Exhausted…

the houseWe filled six cargo crates and now living with borrowed furniture. There are suitcases filled with clothes and we are eating off of paper plates. We have shipped a car and have another one for a few more weeks before it heads back to the States.  We are exhausted.

Exhausted would be an understatement but as many other faithful military family wives have said to me,” The light at the end of the tunnel is here, cheer up.”  It made me stop and think about the families that do this as a career. They move all the time, every three years to zig zag around the world to serve our country. They do it with kids, animals and husbands who sometimes are heading off to the latest war. It made me wonder, how many people really realize what goes on within the military family unit?

It is truly a way of life. One that is full of ups and downs that can not be defined or explained to someone who has not been there or lived the experience.  I never really gave it much thought before we, I mean, he, signed up to serve in the Army.

And that brings me to the point of, when he serves, the family serves too. We are subjected to the ups and downs of deployments, changing of duty stations (PCS) and all that goes along with being uprooted from family, friends and even ones own country.

Frankly, it has not been easy and in many ways I am extremely grateful to have had this experience but am really looking forward to going home  in more ways than one. Home means that we will no longer be subject to the ways of the Military. I do not have to wake up to bullets being shot at ranges that are near by, hearing mortars that make the houses shake, seeing soldiers everyday running in formation and chanting while running PT (physical fitness) at 5:30am, trying to negotiate driving behind a convoy of stykers or military vehicle’s, learning military time ( which I never really got), showing ID’s at checkpoints  or standing at attention facing the flag at 1700 (5:00pm) everyday.   I also will not have to watch the busses of soldiers leave in the morning going to war and knowing that some may not return, will not need to learn how to explain to my daughter that some of her friends dads/moms are not coming home, that I had a special letter for her in the dresser draw in case I get a visit telling me her Dad is gone.

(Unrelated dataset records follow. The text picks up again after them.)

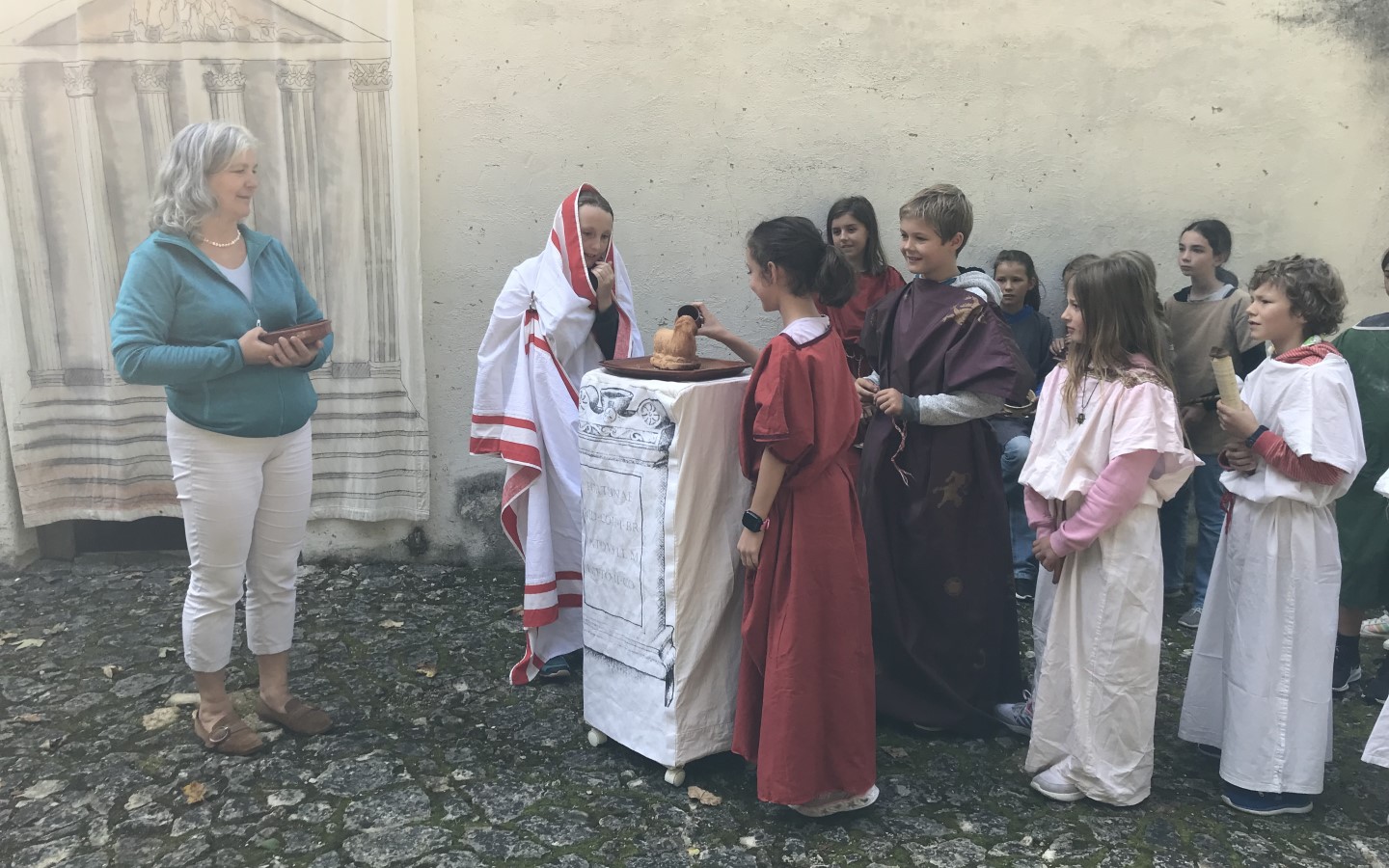 In der Früh des Folgetages gingen wir ausgeschlafen zum Frühstück. Nach dem Frühstück versammelten wir uns im Innenhof und kurz darauf startete die Heimfahrt. Im Bus verkündeten die Tutoren, wer bei den Mädchen und bei den Jungs beim Zimmerwettbewerb gewonnen hatte, denn die Tutoren hatten am Vortag unsere Zimmer inspiziert. Etwas später kamen wir am Römermuseum in Kipfenberg an. Dort wurden wir für die Führung in 2 Gruppen eingeteilt, in die A-Klasse und in die B-Klasse. Jede Klasse hatte ein anderes Thema, beide waren echt cool. Zum Schluss durften wir sowohl in unserem Opferworkshop als auch im Thermenworkshop selbst etwas basteln und mitnehmen. Dann ging die Fahrt weiter und nach einer Weile kamen wir am Stadtplatz in Burghausen an. Alle haben sich gefreut, ihre Eltern wieder zu sehen.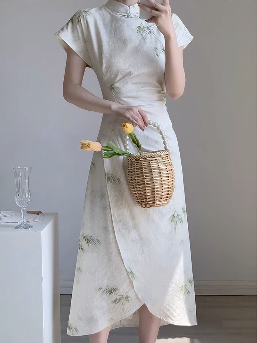 竹柄 バンブープリント アオザイ チャイナドレス チャイナ服 チャイナ風トップス 膝下 ミモレ丈 ミモレ レディース トップス シック 大人っぽい モノトーン ナチュラル感 大人しめ シフォン 大人可愛い きれいめ シンプル 大人 上品 おしゃれ レトロ スリット 深スリット 盘扣 パンコウ チャイナボタン スタンドカラー ノースリーブ 大人女子 クール エレガント レディース 会合 パーティ 食事会 デート お出かけ 女子会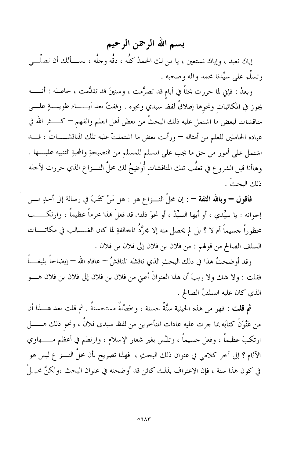 وبعد: فإني لما حررت بحثا في أيام قد تصرمت، وسنين قد تقدمت، حاصله: أنه يجوز في المكاتبات ونحوها إطلاق لفظ سيدي ونحوه. وقفت بعد أيام طويلة على مناقشات لبعض ما اشتمل عليه ذلك البحث من بعض أهل العلم والفهم - كثر الله في عباده الحاملين للعلم من أمثاله - ورأيت بعض ما اشتملت عليه تلك المناقشات، قد اشتمل على أمور من حق ما يجب على المسلم للمسلم من النصيحة والمحبة التنبيه عليها.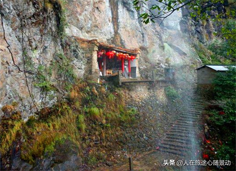 有一条青石板小路通往山顶,阴雨天能看到瀑布飞泻直下,形成水帘似的悬瀑,抛洒到路面上,游人上山必须从瀑布底下穿过,附近有一个小型仙姑庙,说它是庙,仅仅是一座小房子而已,一半露出悬崖,一半缩在一个天然洞穴内。

I can stop worrying about being blackout from the internet and wonder who was just injured, hurt or killed. Better yet, I will not have to go to another funeral. I will not have to worry about getting a speeding ticket on post and have it affect my husband. Mostly I will be able to go about doing what ever I want, where ever I want because I live in a free country, I live in the United States.

How do I go about thanking all those who have helped me go though this experience?

How do I tell them that the kind words, the help, the smiles and patience they had for me truly made me see a small picture of a world that so many judge, justify or do not even acknowledge exists?

All I can say to them is THANK YOU! It  is simple, pure and full on the love that the words are meant to share.  I know that I will see some of them again, somewhere, either on face book, on television, in person or by chance. I have built a new family  that shares a special bond .

With a tear in my eye and pride in my heart, I am grateful for them and the great nation they serve.

There is light at the end of the tunnel.